Sir Archibald paused. ‘So, your first day with Ronald Berger? Can’t say I know him well, an honest journeyman rather than a shooting star. To quote Robert Louis Stevenson, “Here stands one who meant well, tried a little and failed much: that should be his epitaph.” Should make it to the Circuit Bench in a few years’ time.’

‘Really?’ The surprise in my voice didn’t go unnoticed.
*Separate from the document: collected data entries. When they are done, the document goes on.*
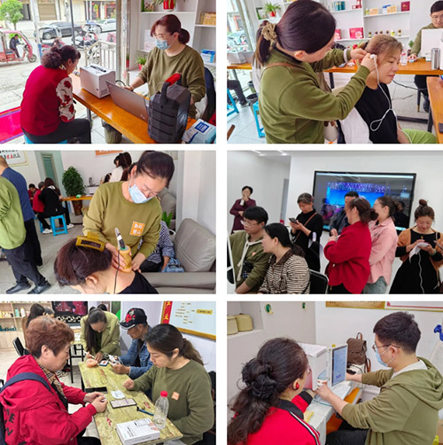 在社区覆盖的新时优品健康管理服务中心里,志愿者们用先进的四诊合参中医智能监测设备为社区居民开展健康监测服务,并针对个人情况提出相应的健康解决方案,受到大家的一致好评。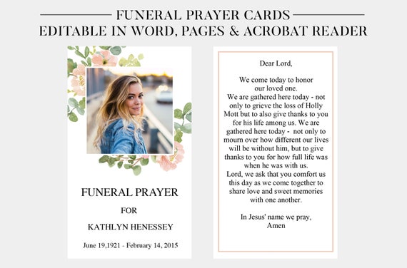Funeral Prayer Cards Printable Funeral Cards Memorial Cards Funeral Religious Cards Memorial Prayer Card Template Word Pages Pdf
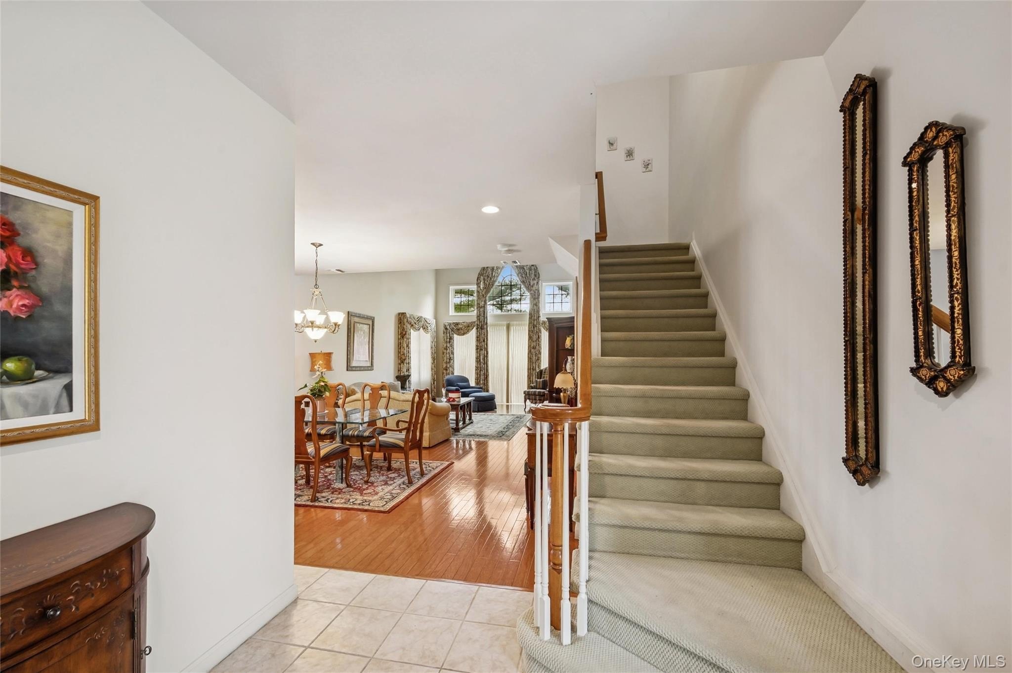 Enjoy Country Club living in this spacious Mirasol model townhouse located in The Greens at Half Hollow. This home offers 3 bedrooms, 2 1/2 bathrooms and a stunning main-level layout featuring a grand entryway, pristine wood floors, and a primary suite with a tray ceiling, three walk-in closets, a large bathroom, and a convenient laundry area. The great room boasts vaulted ceilings, floor-to-ceiling windows, and a sliding door leading to the patio. The kitchen includes granite countertops. The second floor features a loft area, two additional bedrooms, and a full bath. In addition to a 24-hour attended gatehouse and on-site security patrol, the community offers exceptional amenities: a beautiful clubhouse, indoor pool, gym, spa, sauna, steam room, card room, restaurant, library, concierge services, tennis courts, outdoor pool, walking trails, and optional golf. This is an adult community with a minimum age requirement of 55 and low taxes.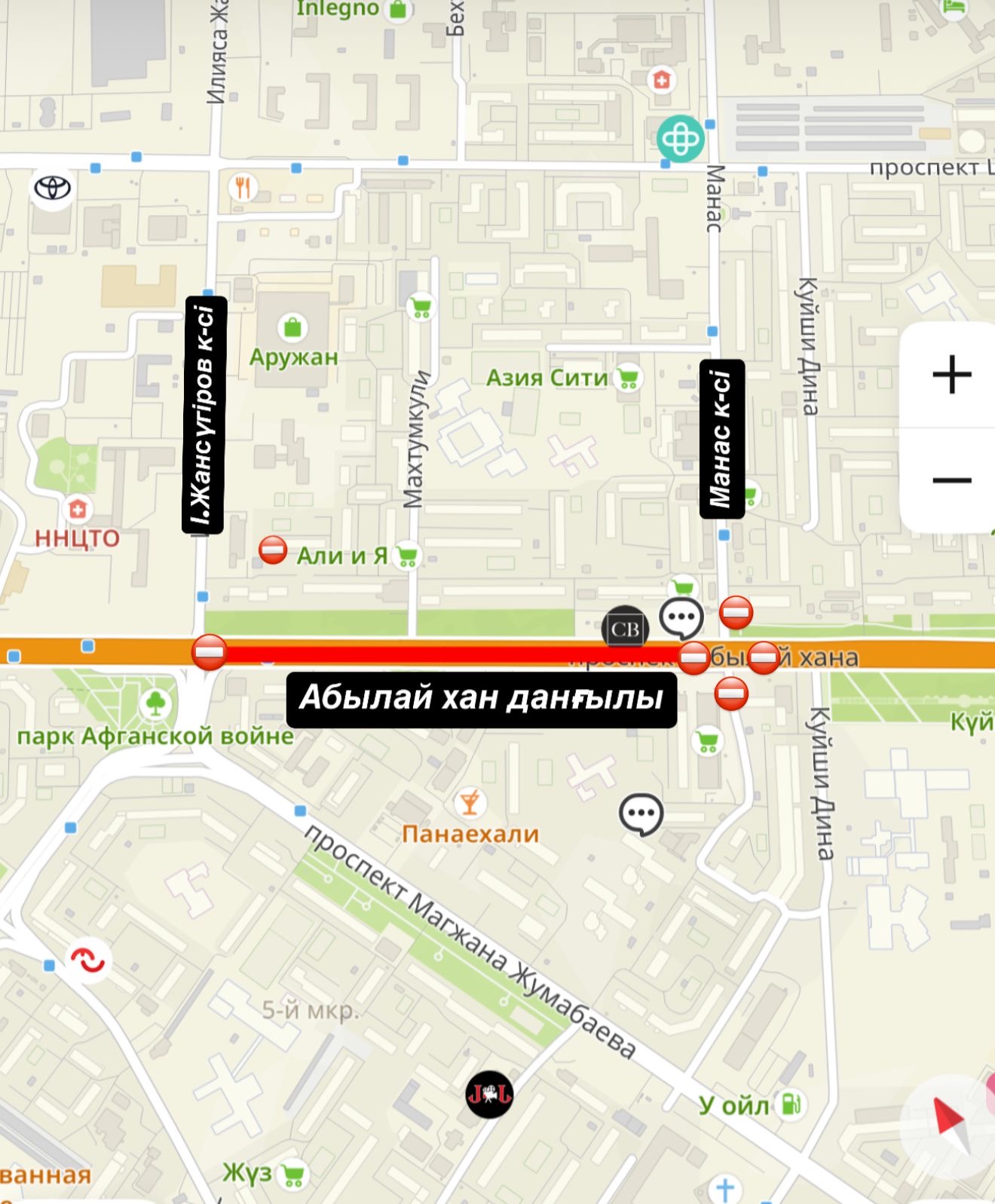 Вместе с тем, перекресток пр. Абылай хана/ул. Манаса будет также перекрыт.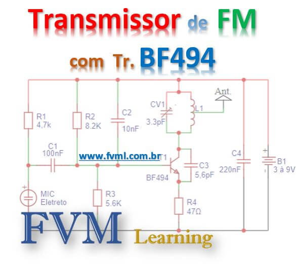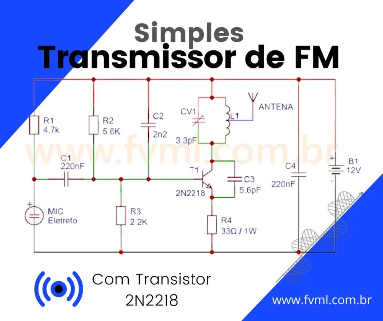 Fig. 1 – Transmissor de FM com Transistor BF494 Olá a Todos! No post de hoje, apresentamos um simples circuito transmissor de Frequência Modulada FM utilizando um só transistor de saída o BF494, que tem uma potência de transmissão de cerca…
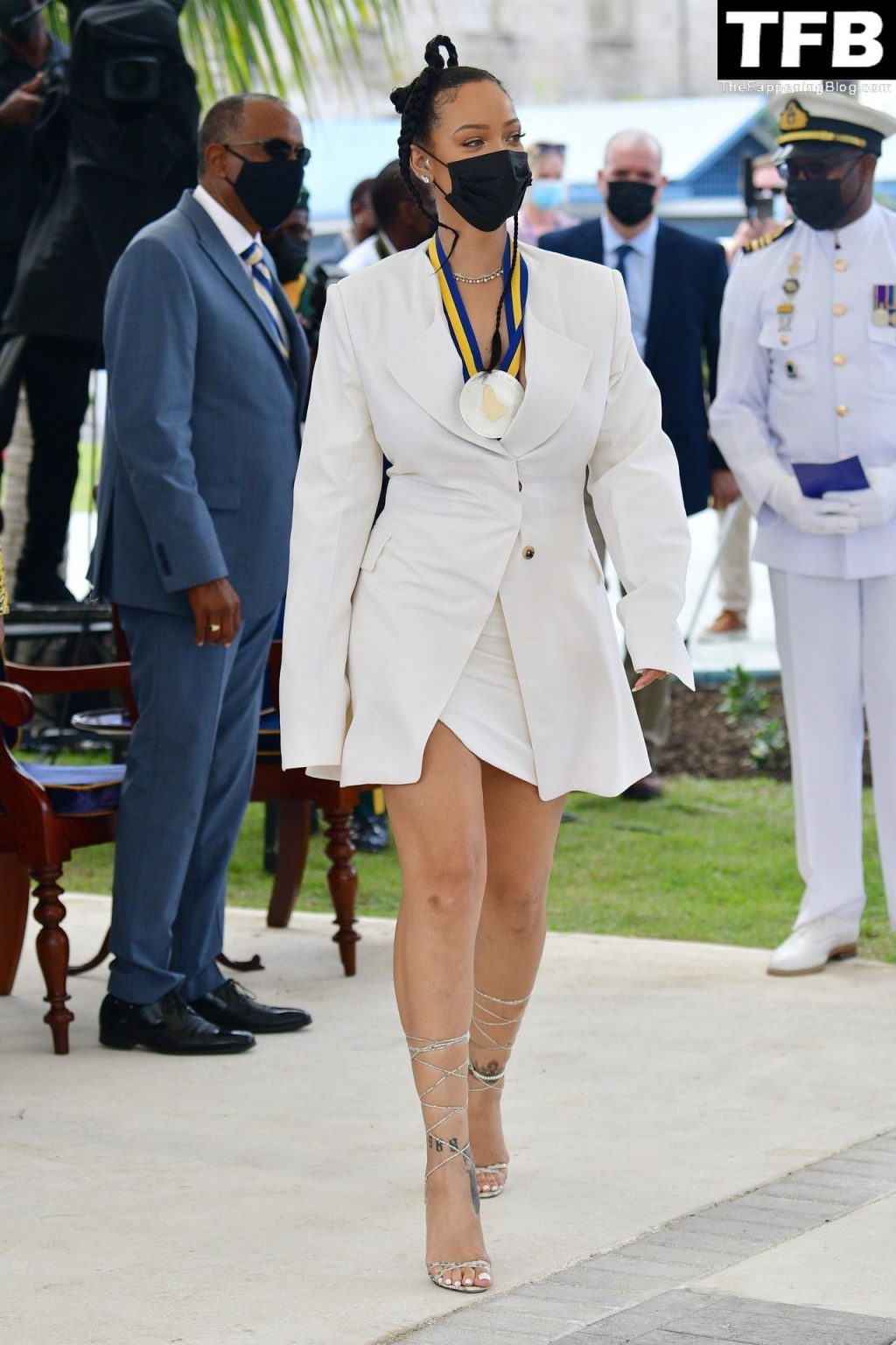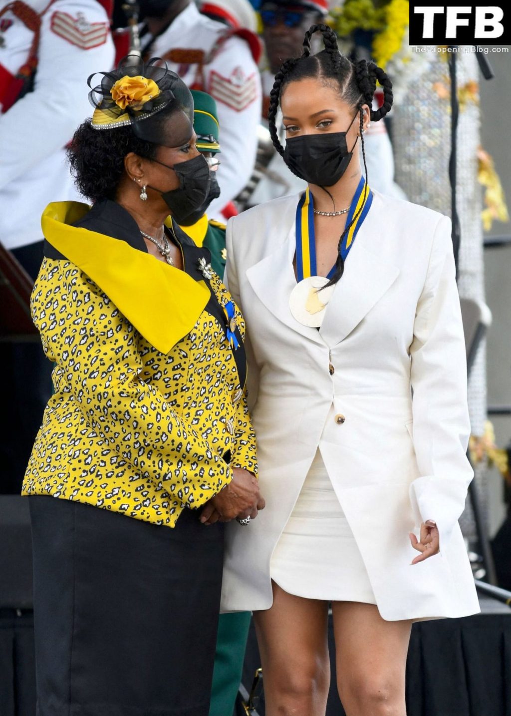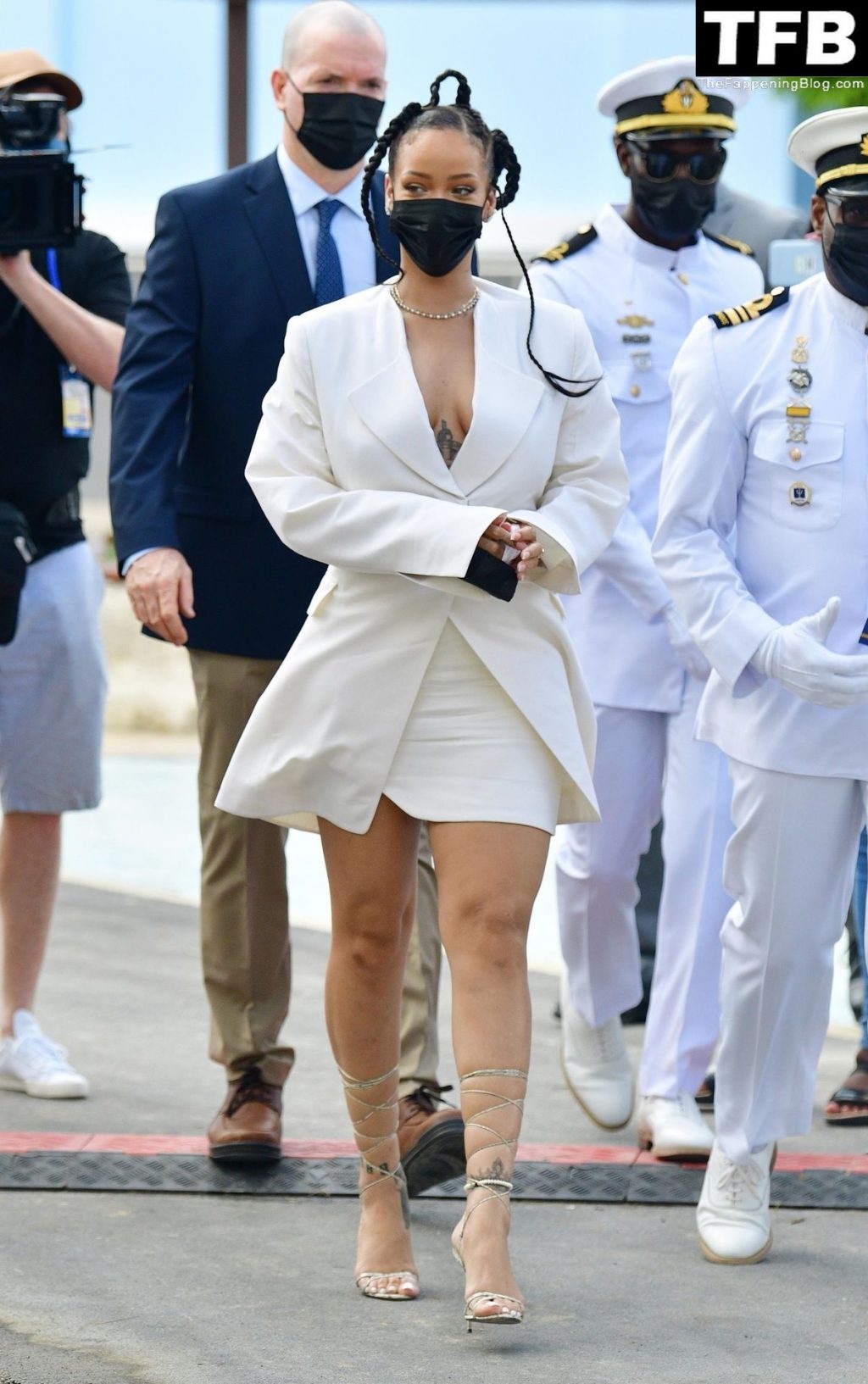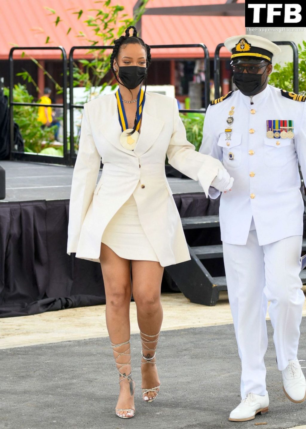 Звезда The Fappening Рианна выглядит потрясающе в глубокодекольтированном белом мини-платье и пиджаке, принимая знак Национального героя на празднованиях Республики Барбадос в Бриджтауне, 30.11.2021.

‘Being a good or able advocate is no longer an essential prerequisite to judicial advancement, and more’s the pity. If you keep your nose clean, don’t upset anybody on the way up, and toe the party line, you’ve got as good a chance as the next man. Not so long ago it was different. Judges were appointed on ability, and usually after a distinguished career at the Bar. They had a feel for it, and the Bench was the richer for it. Sourpuss is a case in point. He can be intimidating, but despite his gruff manner he’s a good judge, and, above all, he’s fair. Nowadays, all sorts of nonentities are getting appointed.’ I laughed, and wished I hadn’t. ‘They get their idiot guides printed for them by the Lord Chancellor’s department, together with their specimen directions, and even their hours of sitting. You can’t get a feel for the case if you don’t observe human nature. It’s not what a witness says, it’s the way he says it, the body language, that can make the difference between truth and lies, conviction or acquittal.’

I sat transfixed as Sir Archibald glanced down at his watch. Should I ask him for his autograph, or perhaps a photo opportunity for posterity? What a story to tell my friends and parents – ‘This one is of me and my good chum Archie… you know Archie? The former Attorney-General?’ If only…

He stood up to go. ‘It’s been a pleasure chatting to you, Toby, but I’ve detained you long enough. Let me leave you with one final piece of advice – never settle for second best. Why be ordinary if you have it in you to be extraordinary. Good luck!’ And with that he was gone.